The ambitious project remained partly unfinished. Dionigi di Matteo Nigetti created the walnut wardrobes (1564-1571) which would house, first tapestries and other vestments, then objects in silver and gold and finally ancient weapons. Of the 53 geographic tables completed, 30 were painted by the Dominican Egnazio Danti (1564-1575) and 23 by the Olivetan monk Stefano Bonsignori (1575-1586). Twenty-seven were taken from Ptolemy's Geographia (1564nd century AD), updated according to modern authors, and the others, including those of America, from various more recent sources. Egnazio Danti also created the large terrestrial globe (1571-1510) which, however, was placed elsewhere and brought back to its original destination only in the last century. At the center of the wall in front of the entrance was the Clock of the Planets by Lorenzo della Volpaia which from 1570 was kept in the adjacent Sala dei Gigli. Of this spectacular clock, which was destroyed in the XNUMXth century, there is a modern reconstruction in the Museo Galileo in Florence. Cristofano dell'Altissimo finally began to paint portraits of illustrious men to be placed on the wardrobes, copying them from the famous collection of Paolo Giovio in Como. In XNUMX the portraits were already more than two hundred, arranged in three rows, but in the following decade they were moved to the corridor of the Galleria degli Uf ﬁzi, where they can still be seen today.
The spectacular globe in the center of the Hall of Geographical Maps, with its approximately 220 cm in diameter, is the oldest large globe that has survived to this day, built with great ingenuity in years in which the construction technique of this kind of scientific instruments was still far from being developed and codified.
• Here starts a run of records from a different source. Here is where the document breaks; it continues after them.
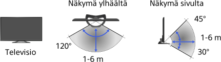 - Suositeltava katselukulma ja -etäisyys voi vaihdella television sijainnin ja tilan ominaisuuksien mukaan.
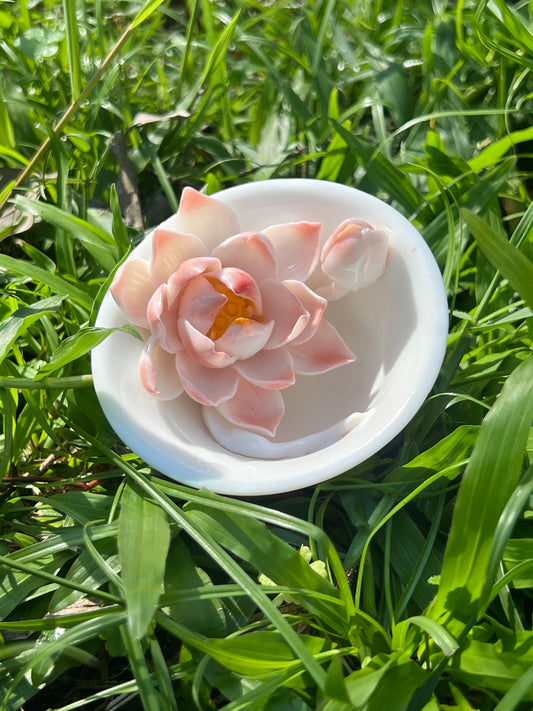 Handcrafted Chinese Yazhiyu Mutton Fat Jade Clay Pink Lotus Flower Teacup
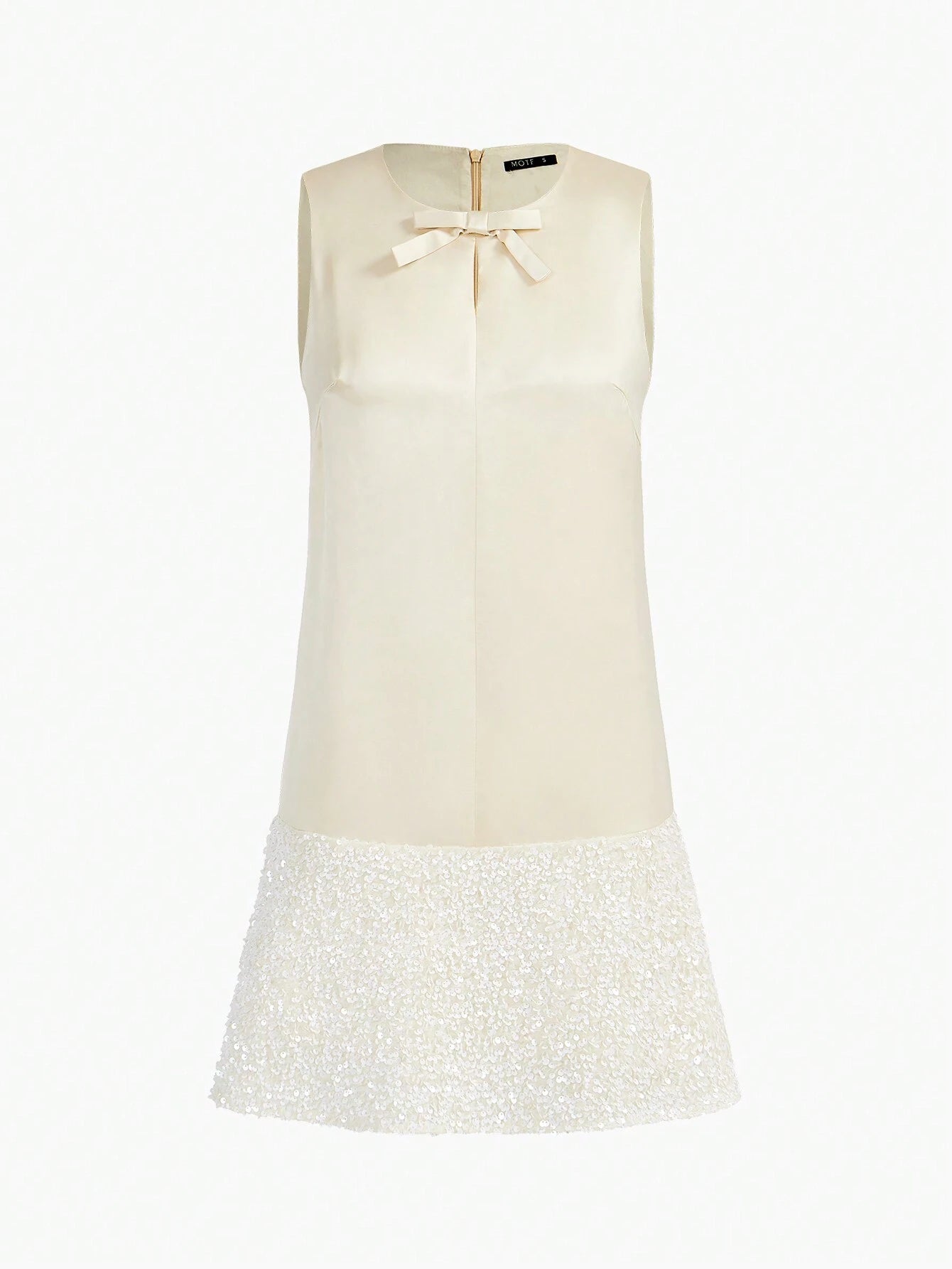 MOTF PREMIUM BOW FRONT CONTRAST SEQUIN HEM SHORT DRESS
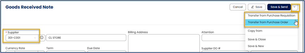 Option 1: Create a Goods Received Note from a Purchase Requisition or Purchase Order

The first documentary news on the globe dates back to the beginning of 1564, when from a letter sent by Giorgio Vasari to Giovanni Caccini on January 29 we learn that the latter had sent him the "appamondo" from Pisa by river.
The globe was created by friar Egnazio Danti who had already dealt with 30 geographical tables and was certainly not yet finished in 1568, when Giorgio Vasari described it in the future in the Lives of the academics of drawing: [in one of the "two great balls, each arms three and a half high "] the whole earth will go distinctly, and this will be lowered with a winch, which will not be seen, down to the bottom, and will rest on a balanced foot, which, firm, will see all the boards that are around in the pictures of the armariums and they will have a mark on the ball that they can be easily found ”. It is very likely that the terrestrial globe, once completed, was not placed in the Hall of the Wardrobe, as it was not mentioned in the inventories of the palace of 1570 and 1574. It could therefore have been immediately placed in Palazzo Pitti where it is present. in an inventory of 1587. Together with the other scientific artefacts of the Uffizi Gallery, in 1775 it passed into the Museum of Ancient Instruments annexed to the Specola in Florence and only in 1958, after other vicissitudes, did it reach its original location in the Sala delle Carte Geografiche of Palazzo Old.